### [DATA SECTION]
# # # # #

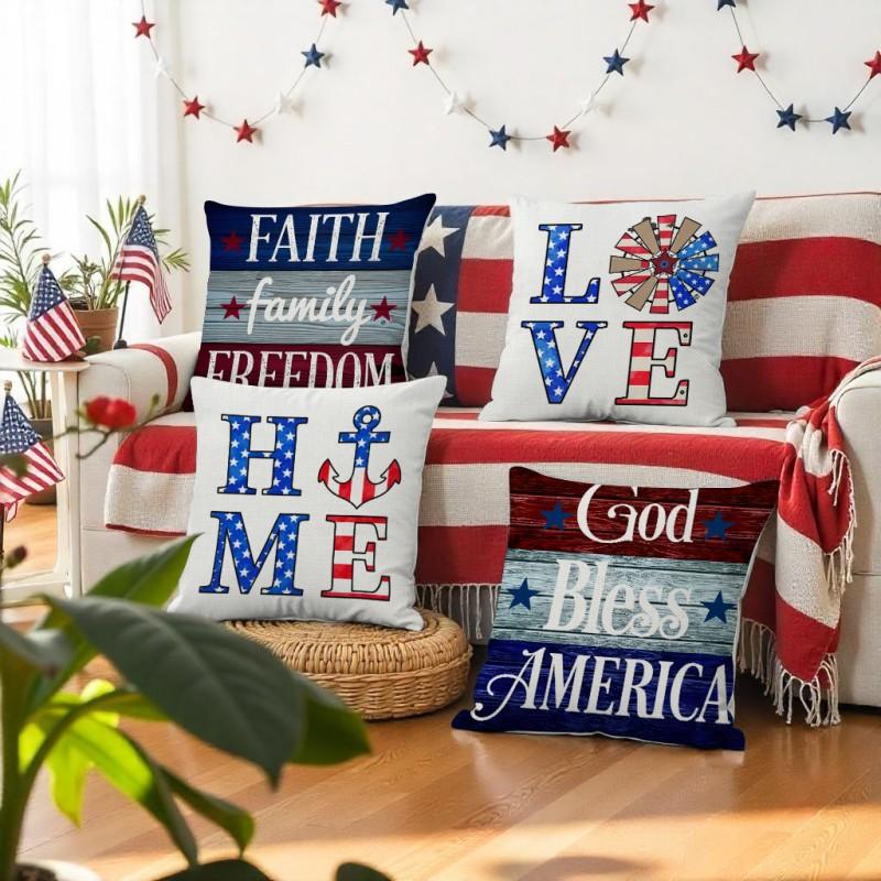 Summer Independence Day Series Throw Pillow Cases Linen Print Living Room Sofa Decorative Cushions
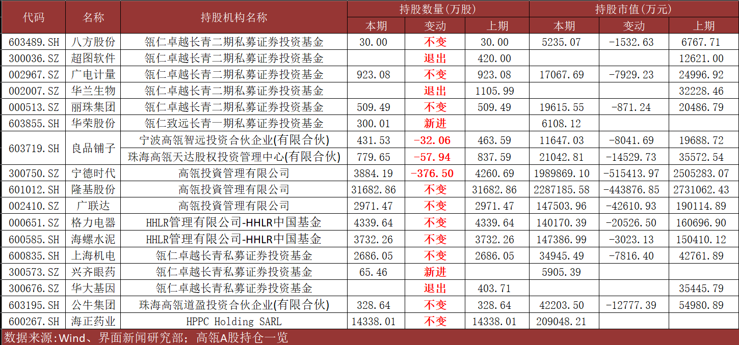 一季度,高瓴仍堅定持有隆基股份、海正藥業(yè)、廣聯(lián)達(dá)、格力電器、海螺水泥、公牛集團、上海機電、麗珠集團、廣電計量、八方股份等10只個股,且相較去年底持股數(shù)量未發(fā)生變化。
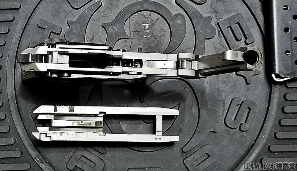 该枪的不完全分解非常简单将枪管翻转到最前方,稍微向后拉动套筒,然后向上拉,就可以将套筒取下。

# # # # #

### [EXERCISE]
Find the line holding "一季度,高瓴仍堅定持有隆基股" in the data above. Retype it and every later line exactly, through the end, but not the pictures.

### [EXERCISE OUTPUT]
 一季度,高瓴仍堅定持有隆基股份、海正藥業(yè)、廣聯(lián)達(dá)、格力電器、海螺水泥、公牛集團、上海機電、麗珠集團、廣電計量、八方股份等10只個股,且相較去年底持股數(shù)量未發(fā)生變化。
 该枪的不完全分解非常简单将枪管翻转到最前方,稍微向后拉动套筒,然后向上拉,就可以将套筒取下。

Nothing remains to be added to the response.